Все в том же невероятном творческом порыве последних военных лет Агата Кристи инсценировала еще и «По направлению к нулю», и «Смерть на Ниле» (пьеса называлась «Невидимый горизонт»), и «Убийство в доме викария», и «Лощину». Все они принимались с воодушевлением в Лондоне и с еще большим успехом перебирались на Бродвей, давая отличные сборы, поднимая тиражи соответствующих романов — и пугая ее литературного агента призраком банкротства!

Акт II. Апофеоз

Но даже самая удачная инсценировка — это все же не оригинальная пьеса. Агата Кристи мечтала взять следующую высоту. В 1947 году к ней обратились организаторы празднования восьмидесятилетнего юбилея королевы-матери с просьбой написать что-то для радиопостановки, так как королева Мария любит ее сочинения. Верноподданная его величества не смогла отказать и с ходу придумала радиоскетч «Три слепых мышонка». Услышав его, королева просила передать миссис Маллоуэн одобрение. А мысль миссис Маллоуэн уже неслась дальше — к полномасштабной пьесе на тот же сюжет. Она хотела, чтобы события и место действия казались самыми правдоподобными, а персонажи выглядели вполне реальными людьми, — и годы спустя она с удовлетворением убедилась, что замысел удался, что пьеса нравится людям разных возрастов и вкусов. Даже ее внук Мэтью приводит на бабушкин спектакль друзей-студентов, а его оксфордские профессора приходят сами! Когда пьеса была готова, ее зять Энтони Хикс предложил новое название — «Мышеловка» (аллюзия из «Гамлета»). Питер Сондерс взялся ее поставить в престижном театре «Амбассадор». Подбор исполнителей стал одним из слагаемых самого невероятного успеха в истории мирового театра.

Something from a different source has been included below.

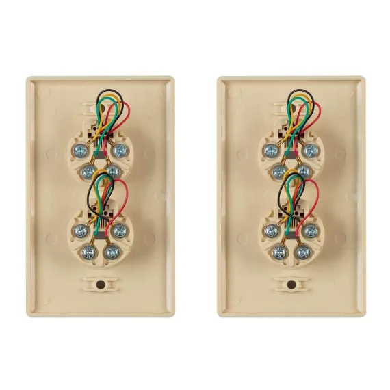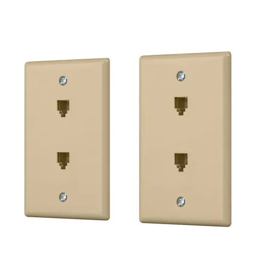 Monoprice Duplex Phone Jack Plate - Ivory (2 pack) | Terminating 4-conductor (4P4C) Phone Lines

Агата Кристи чувствовала себя бесконечно счастливой на репетициях, видя работу влюбившихся в роли актеров. Но премьера прошла без особого шума, и она испытала разочарование — где та живая реакция публики, о которой она мечтала четверть века назад?

«Питер Сондерс мягко кивнул мне и сказал: „Не волнуйся! Мой прогноз — пьеса удержится больше года, уж четырнадцать-то месяцев я точно буду ее давать“.

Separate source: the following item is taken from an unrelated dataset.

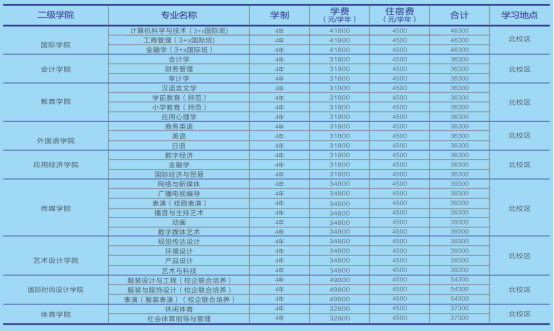 ●北校区:普通公寓4人间,上床下桌,4500元/学年/床。

— Нет, столько она не продержится, — ответила я. — Ну, от силы восемь. Да, думаю, восемь месяцев.

Когда я пишу эти строки, подходит к концу тринадцатый год, как пьеса остается в репертуаре, в спектакле сменилось бессчетное множество исполнителей. Театру „Амбассадор“ за это время пришлось полностью заменить кресла в зрительном зале и занавес. Недавно я слышала, что они обновляют и декорации — старые истрепались. А зрители все ходят на спектакль».

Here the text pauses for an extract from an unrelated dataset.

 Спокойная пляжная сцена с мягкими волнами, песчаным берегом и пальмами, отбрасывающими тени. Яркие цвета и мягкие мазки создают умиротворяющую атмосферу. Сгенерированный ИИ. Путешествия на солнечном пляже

Зрители ходили на спектакль каждый день в течение двадцати двух лет, до 1974 года! «Мышеловка» ежедневно идет и сейчас — но это уже другая история…

Сондерс из года в год устраивал пышные приемы в «Савое» по случаю успеха спектакля. На десятилетнем юбилее от автора потребовали выступить с крошечным спичем. Любая публичность для Агаты Кристи была пугающе страшна.

«Ожидался шикарный суперприем в „Савое“ со всеми его ужасными атрибутами: толпами людей, телевидением, фотографами, репортерами, речами и так далее, и тому подобное. На свете не было менее подходящей фигуры на роль героини этого действа, чем я. Тем не менее я понимала, что придется через это пройти. Мне полагалось не то чтобы произнести речь, но сказать несколько слов, чего я никогда не делала прежде. Я не умею произносить речи, я никогда не произношу речей, я не буду их произносить, и это к лучшему, потому что я бы делала это очень скверно».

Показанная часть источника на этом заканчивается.